# URGENT - polyester shirts - designs sticking together?!?!



## switchvb (Jul 1, 2016)

This is Dan over at Chroma Apparel - I am actually looking for some tips of the trade. 

We have been printing a lot of moisture wicking shirts lately. 100% polyester.

Normally they have a giant full size print on the front and another on the back. We use plastisol inks. Our issue is when the shirts are delivered the front and backs are stuck together. They peel apart with no issue but clients don't want to peel at all. Duh - I wouldn't either.

We aren't sure what to change in our process so they never stick together - we are printing hundreds of shirts at a time so we can't really lay each one out till it's cooled off. Should we be using fans blowing on them as they come out of dryer? Different ink? Etc - any ideas?

Would love your expert suggestions.


----------



## gulfsidebill (Feb 28, 2019)

Common problem...Using a fan or fans will help...How long and is your dryer outfeed? I built a carriage that holds 2 box fans. Placed the carriage over the 8 foot outfeed on one of our dryers. It worked! When we print the first side, we place every other shirt in a different stack. When we print the second side we separate the shirts by size and let them cool before we box them. *Caution - Don't allow the air to blow into the heat chamber. Check the ink temperature on the garment with a IR laser heat gun as it coming out of the chamber to assure proper cure Speaking from 45+ years of experience Good Luck and Keep on Printing...


----------



## splathead (Dec 4, 2005)

Common issue. I routinely see tissue paper placed over the screened area to prevent sticking.


----------



## switchvb (Jul 1, 2016)

splathead
Tissue paper doesn't stick?

We do about 300 to 1000 at a time.

I am sure they wouldn't mind a piece of tissue paper between each shirt if it stopped sticking but might get pricey for us. 
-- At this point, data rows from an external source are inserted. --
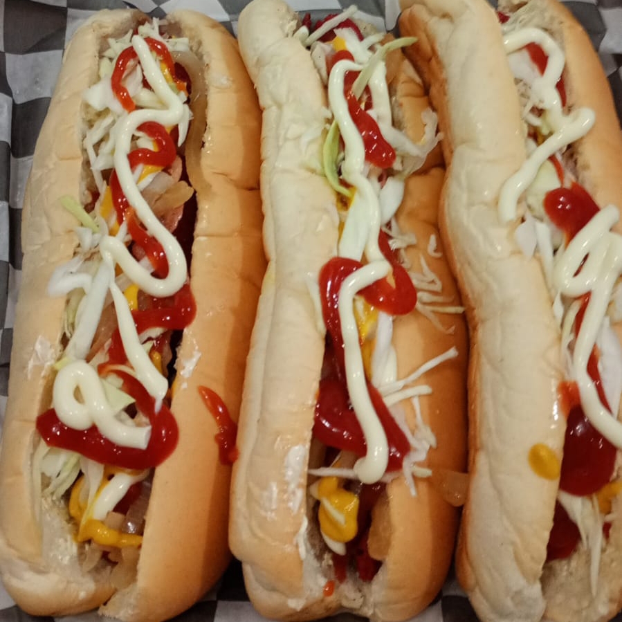 Salchicha asadera, tocino, cebolla frita, repollo, capsu, mayonesa y mostaza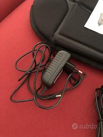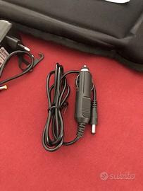 Completo di cavo alimentazione 220V per la casa ed anche, per chi lo preferisce in auto durante un viaggio, alimentatore 12 V per auto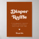 Panneau baby shower du jeu de raffle de couche. Un thème rétro chic : adoptez ce design typographique vintage et élégant pour votre papeterie Baby shower, avec un thème couleur orange brûlé. Facile à mélanger avec notre papeterie similaire disponible en rose pêche, en terre cuite et en sucre brun. Couleurs et arrière - plans de texte entièrement personnalisables.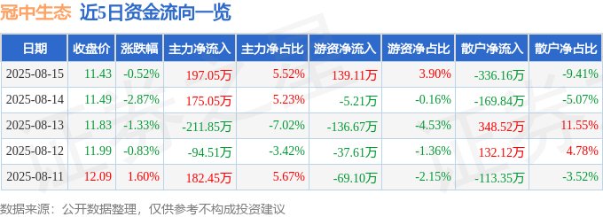 截至2025年8月15日收盘,冠中生态(300948)报收于11.43元,下跌0.52%,换手率2.38%,成交量3.11万手,成交额3571.27万元。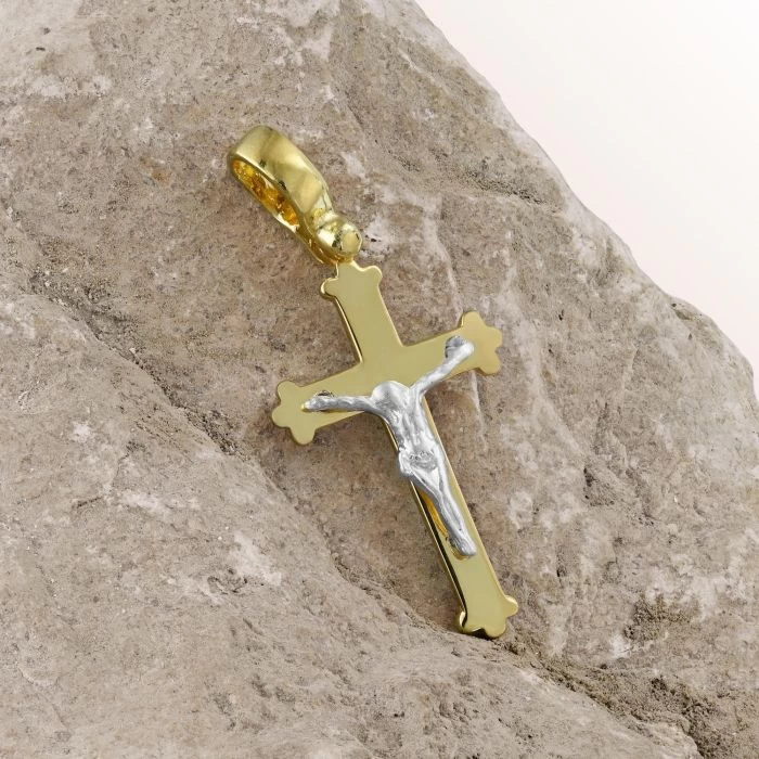 This classic crucifix pendant is made from solid Sterling Silver with its shape iconic of the ‘Trefoil’ arms which encompasses three rounded buds or lobes at the ends. The design is often associated with the Holy Trinity in Christian belief, representing the Father, Son, and the Holy Spirit as three distinct unified entities. Exceptionally made to the highest quality, the cross itself being plated with a premium layer of real yellow gold and complimented with Christ in silver, to create a wonderful two-tone finish.

The belt on our dryer is only about 2-3 feet long after it exits the dryer. 

My only thought is to buy more time - print the fronts day #1 -- let them cool completely overnight -- print backs day #2. But we never have that luxury - we are a quick turn shop.

We tried fans on the run this week - didn't really help.


----------



## simplepickle (Mar 7, 2019)

For instance, because a heat press can easily burn polyester items and ruin them, it is important that the person is careful if they try to heat press with any kind of graphic. Meaning during this process, the heat will need to be turned down very low so that it will not scorch the polyester material.


----------